Where does the word "Bonto" occur in the data below? Copy each line that holds it.

(Data extracted from a collection)
______________________________

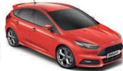
Červená Race Nemetalická barva
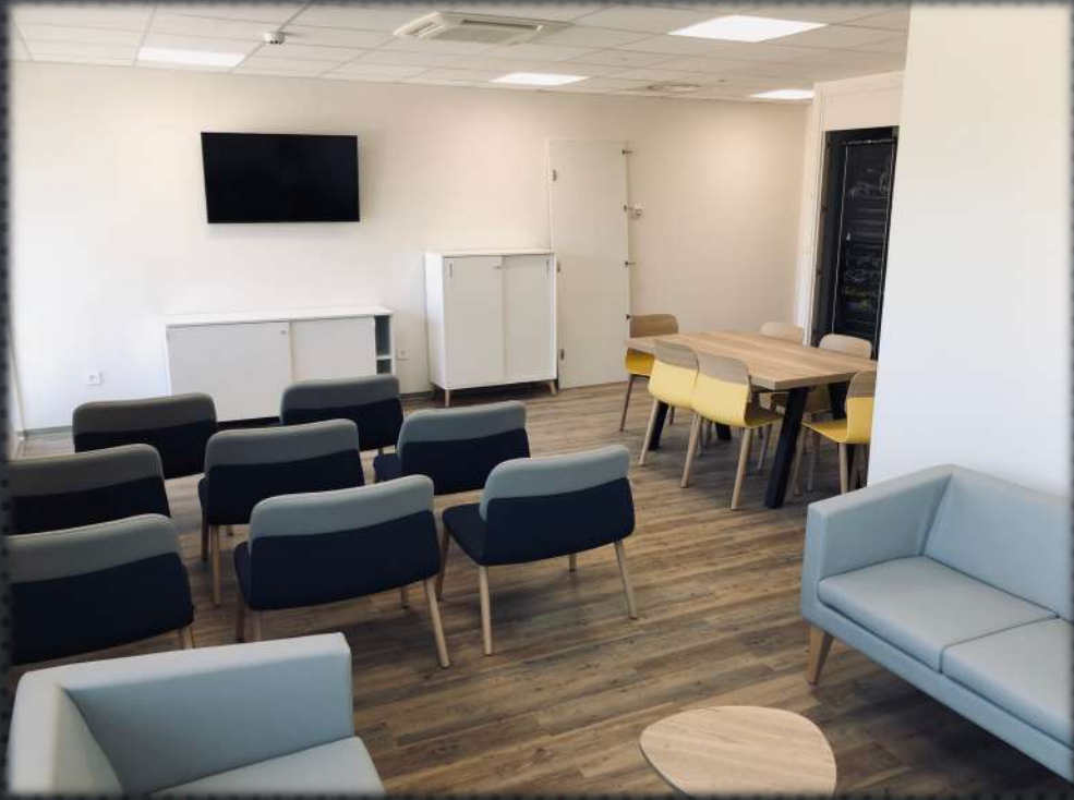
Salle détente TV
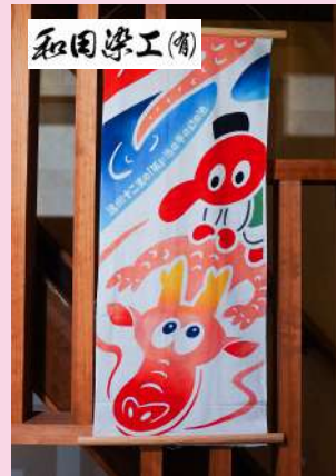
浜松注染そめてめぐい
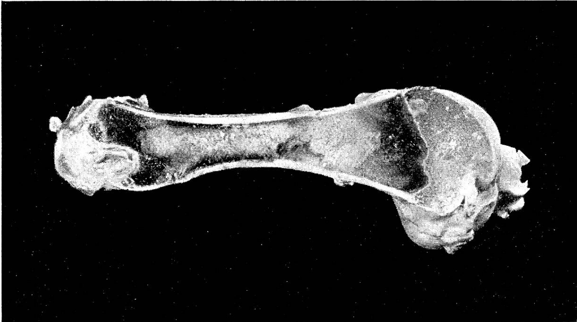
Abb. 2. Femur des gleichen Rindes, wie Abb. 1, hochgradige Osteoporose.
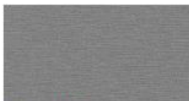
Alu Geschliffen Aluminium Polished Geslepen Aluminium
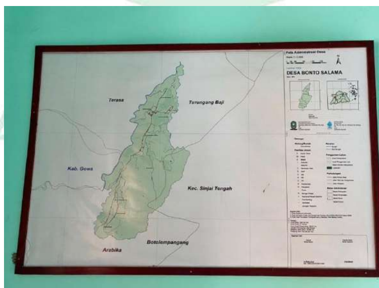
Gambar 1.1 Peta Desa Bonto Salama

Desa Bonto Salama terletak di bagian barat Kota Kabupaten Sinjai tepatnya di Kecamatan Sinjai Barat dengan ketinggian 450-700 Mdpa dan curah hujan: 2.000 mm/th. Jarak tempuh dari kota kecamatan yaitu \pm 18 Km, dari kota kabupaten Sinjai + 58 Km, dan dari kota Makassar (Provinsi) \pm 135 Km. Dilihat dari situ lah muncul gagasan-gagasan perlu dijaga agar tetap berkesinambungan dalam berfikir guna melindungi dan melestarikan kekayaan Alam tersebut agar tetap subur dan bermanfaat bagi generasi penerus Desa Bonto Salama.
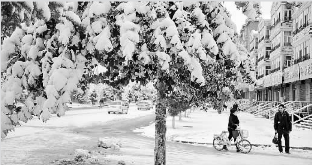
▲黑龙江内蒙古等地迎来降雪 10 月 17 日,人们行走在雪后的内蒙古呼伦贝尔牙克石市街头。据中央气象台消息,受较强冷空气影响,10 月 16 日夜间至 18 日,内蒙古东部、黑龙江中西部等地的部分地区有小到中雪(雨)或雨夹雪,内蒙古东北部、黑龙江西北部的局地有大雪。
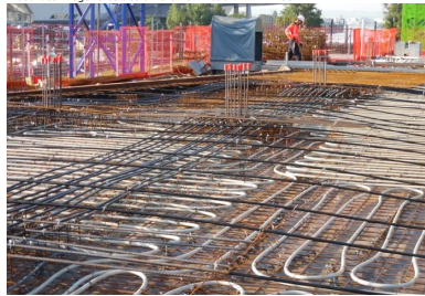
Pavillon 52 - Lyon Confluences. Intégrant avant coulage un échangeur thermique alimenté par la nappe phréatique (tubes blancs sur la photo), les planchers précontraints assurent le chauffage-rafraîchissement de l'immeuble. L'absence de poutres garantit une distribution thermique uniforme sur toute la surface.
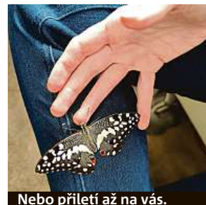
Nebo přiletí až na vás.
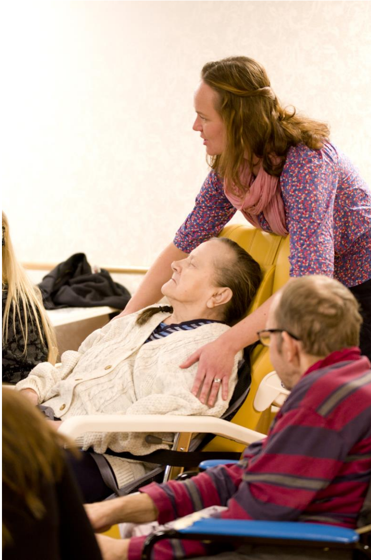
Kuvio 7. Joulusauna.

Joululauluja tanssittiin piirissä ja lopuksi leivottiin leivonnaisia. Outin lorussa leivottiin erilaisia leivonnaisia, joita nousi esimerkiksi käsistä, vatsasta tai selän takaa, ja niiden päälle ripoteltiin sokeria ja kanelia. Tämä laulu ei tarvinnut säestystä, ja huomasin toisen ryhmän kohdalla ehtiväni laskea harmonikan sylistäni ja avustaa leipomisessa. Aluksi kysyin vanhuksilta luvan, saako tulla leipomaan. Silittelin ja pyörittelin pullia heidän käsistään, selästään ja polvistaan ripotellen lopuksi mausteita päälle. Tätä lorua uusittiin moneen kertaan ja lähes kaikki vanhukset saivat leipomissilityksiä.

______________________________

• **OUTPUT FOR THIS TASK**
Gambar 1.1 Peta Desa Bonto Salama
Desa Bonto Salama terletak di bagian barat Kota Kabupaten Sinjai tepatnya di Kecamatan Sinjai Barat dengan ketinggian 450-700 Mdpa dan curah hujan: 2.000 mm/th. Jarak tempuh dari kota kecamatan yaitu \pm 18 Km, dari kota kabupaten Sinjai + 58 Km, dan dari kota Makassar (Provinsi) \pm 135 Km. Dilihat dari situ lah muncul gagasan-gagasan perlu dijaga agar tetap berkesinambungan dalam berfikir guna melindungi dan melestarikan kekayaan Alam tersebut agar tetap subur dan bermanfaat bagi generasi penerus Desa Bonto Salama.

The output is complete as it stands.